(EXERCISE DATA)

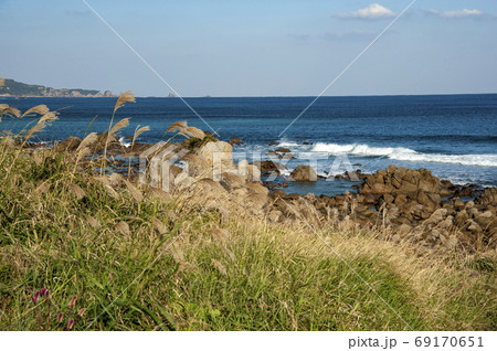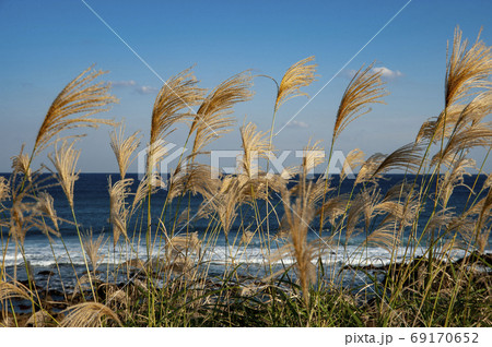 種子島のススキが風に揺れる秋の美しい竹屋野海岸
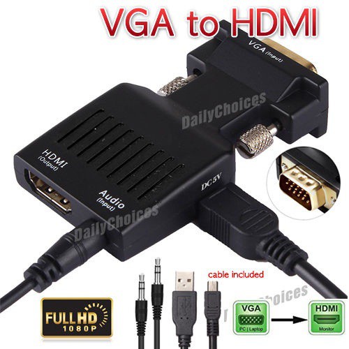 Sku-1001 Converter Vga To Hdmi With Audio Adapter Dongle / Cpu Pc Vga Ke Tv Hdtv / Komputer Ke Tv Hdmi
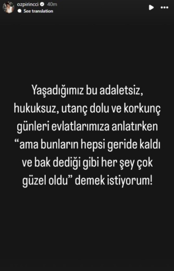 Özpirinçci, yaptığı paylaşımda, "Yaşadığımız bu adaletsiz, hukuksuz, utanç dolu ve korkunç günleri evlatlarımıza anlatırken 'ama bunların hepsi geride kaldı ve bak dediği gibi her şey çok güzel oldu' demek istiyorum!" ifadelerini kullandı.
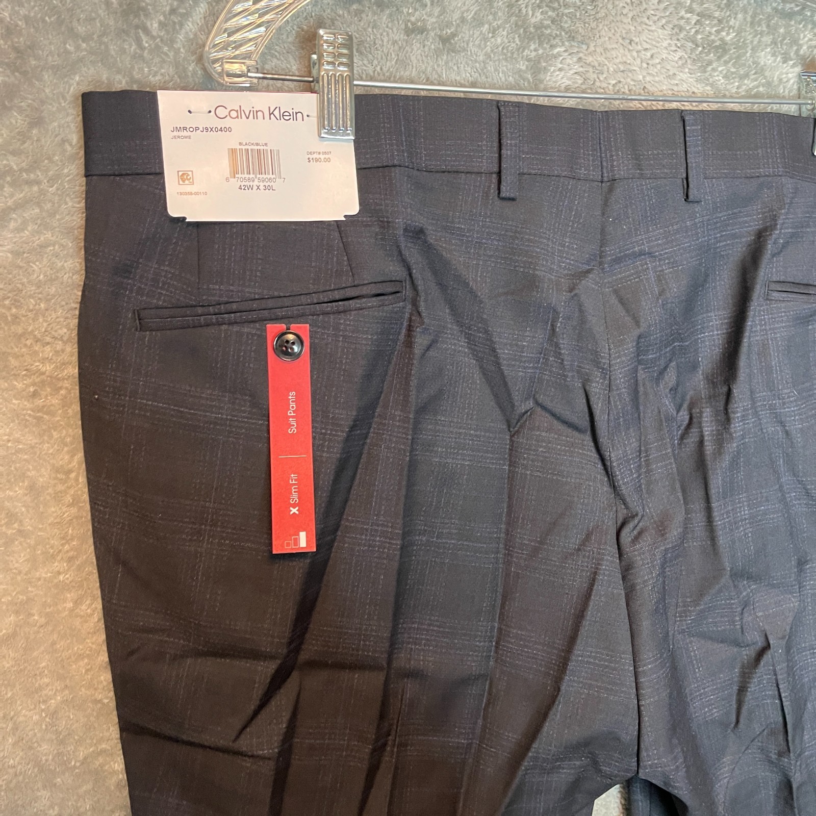 Good Pre Owned condition. Please see photos for details. SUPER FAST SHIPPING!!! We ship next business day! If you aren't happy with your purchase we offer 30 day FREE returns. No questions asked! Calvin Klein Men Jerome Black Blue Plaid Wool Blend Slim Fit Suit Pant 42x30
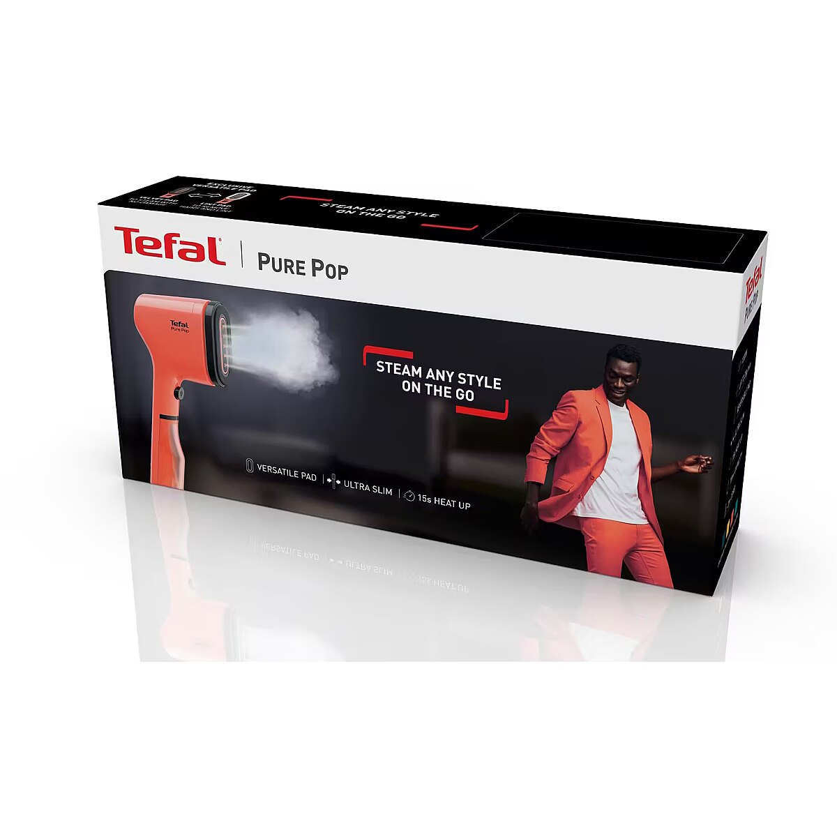 ShortSummaryDescription - "Tefal Pure Pop" DT2022, Rankinis drabužių garintuvas, 0,07 l, 0,25 min, Koralinis, Mygtukai, Rankinis jungiklis
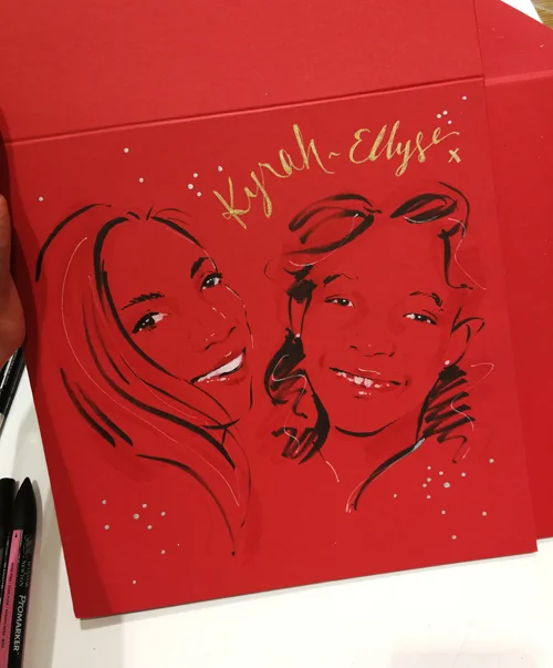 I was invited by Kiehl’s to join them again for more live illustration fun at three of their stores during the lead up to Christmas (Harrods, Selfridges and Regent Street). The idea was to expand on gift box personalisation I had done in September but this time on red boxes and using glitter for the lettering. As glitter can be quite messy and glue takes a while to dry I came to the conclusion of pre-glittering boxes for the events with the messages ‘Happy Holidays’, ‘Just for You’ and ‘With Love’, then in store I added names and personalised messages in gold as well as offering portraits on the back of the gift boxes!
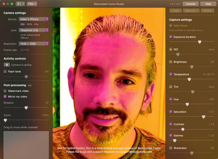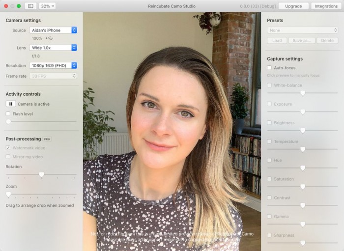 迷彩有免费版和付费版。我们希望用户出于不同的原因喜欢这两个版本。Camo的免费版本非常适合高质量通话,但缺乏调整。它提供高达 720p 视频的分辨率,包括设备的自拍镜头或主后镜头(较宽的镜头)。您可以连接多个iOS设备并在它们之间切换。
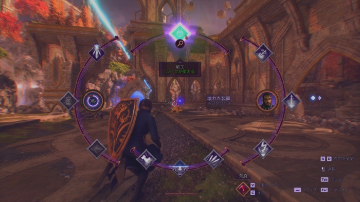 「永遠の讃歌」で石壁を動かし、「細工」で壊れた装置を修理します。岩に乗ったら石壁をもう一度動かし、ワープゾーンに入ります。
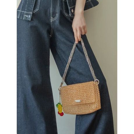 <b>【シアーな輝きとフルーツチャームに心躍る、アクセサリー感覚のビーズバッグ】</b><b>
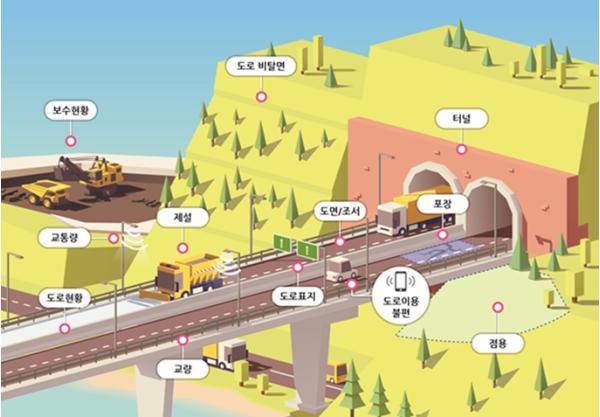 이에 따라, 현재 육안조사, 민원 등에 의존하여 도로시설물 파손이후 복구하는 도로유지관리 방식에서 벗어나 선제적이고 스마트한 예방중심형 도로유지관리 방식으로 전환한다고 밝혔다.
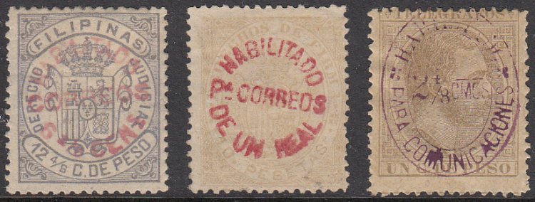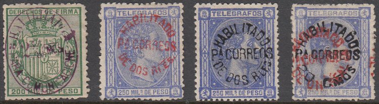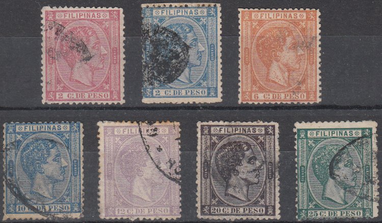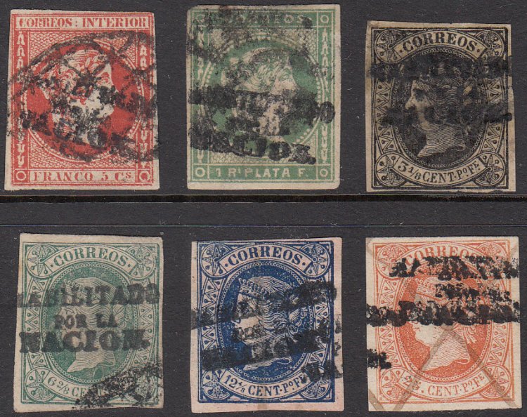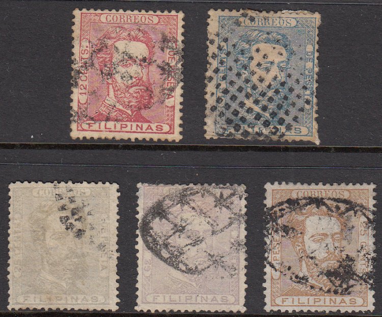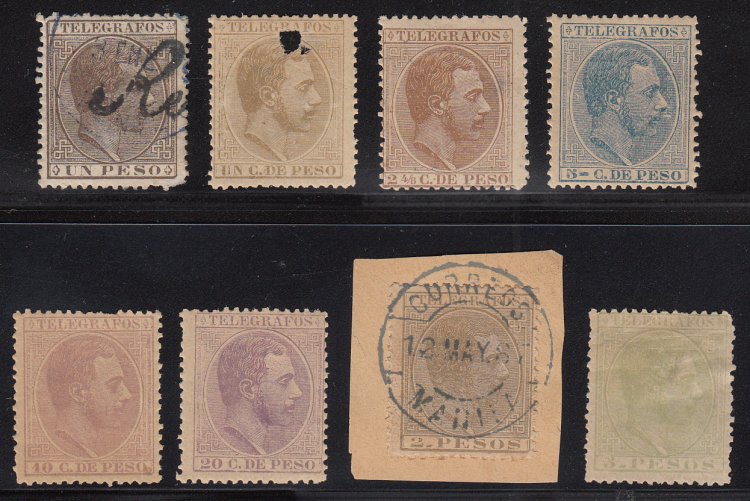 Edifil 5, 9, 11-12, 15-16, 19, 21. 1880-1888 Telegraph
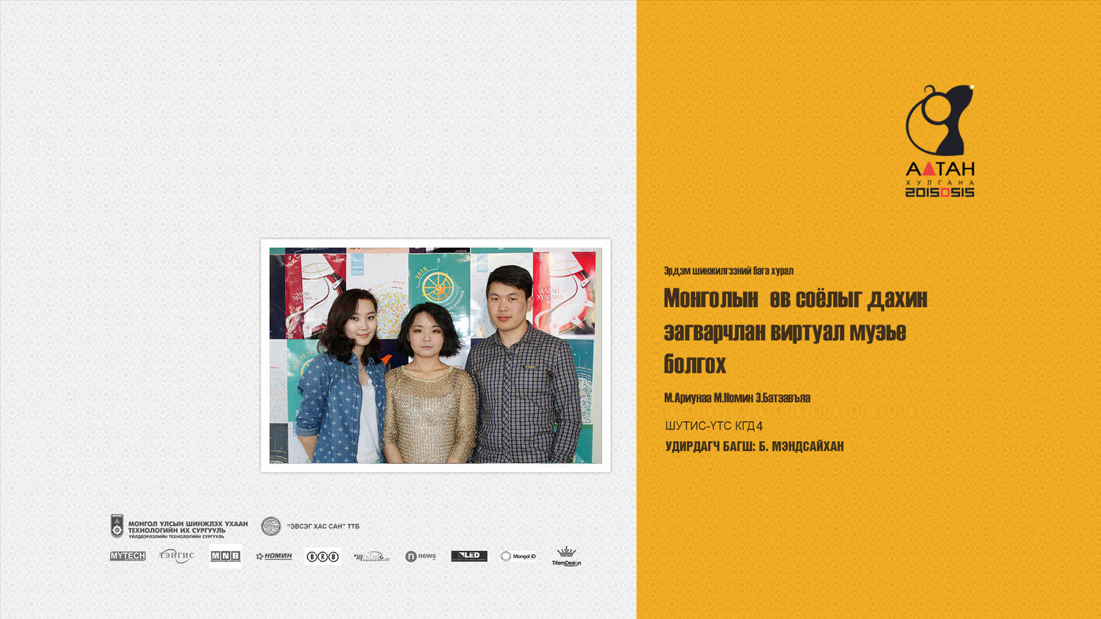 1. Эрдэм шинжилгээний бага хурлын илтгэл –ШУТИС-ҮТС М.Ариунаа, М.Номин, Э.Батзавьяа “Монголын өв соёлыг дахин загварчлан виртуал музей болгох”

(End EXERCISE DATA)

- _WHAT YOU SHOULD DO_: Using the listing above, repeat word for word each line from the one with "Sku-1001 Converter Vga" down to the one with "Mygtukai, Rankinis jungiklis", both included. Omit all pictures.

- _WRITTEN ANSWER_:
 Sku-1001 Converter Vga To Hdmi With Audio Adapter Dongle / Cpu Pc Vga Ke Tv Hdtv / Komputer Ke Tv Hdmi
 Özpirinçci, yaptığı paylaşımda, "Yaşadığımız bu adaletsiz, hukuksuz, utanç dolu ve korkunç günleri evlatlarımıza anlatırken 'ama bunların hepsi geride kaldı ve bak dediği gibi her şey çok güzel oldu' demek istiyorum!" ifadelerini kullandı.
 Good Pre Owned condition. Please see photos for details. SUPER FAST SHIPPING!!! We ship next business day! If you aren't happy with your purchase we offer 30 day FREE returns. No questions asked! Calvin Klein Men Jerome Black Blue Plaid Wool Blend Slim Fit Suit Pant 42x30
 ShortSummaryDescription - "Tefal Pure Pop" DT2022, Rankinis drabužių garintuvas, 0,07 l, 0,25 min, Koralinis, Mygtukai, Rankinis jungiklis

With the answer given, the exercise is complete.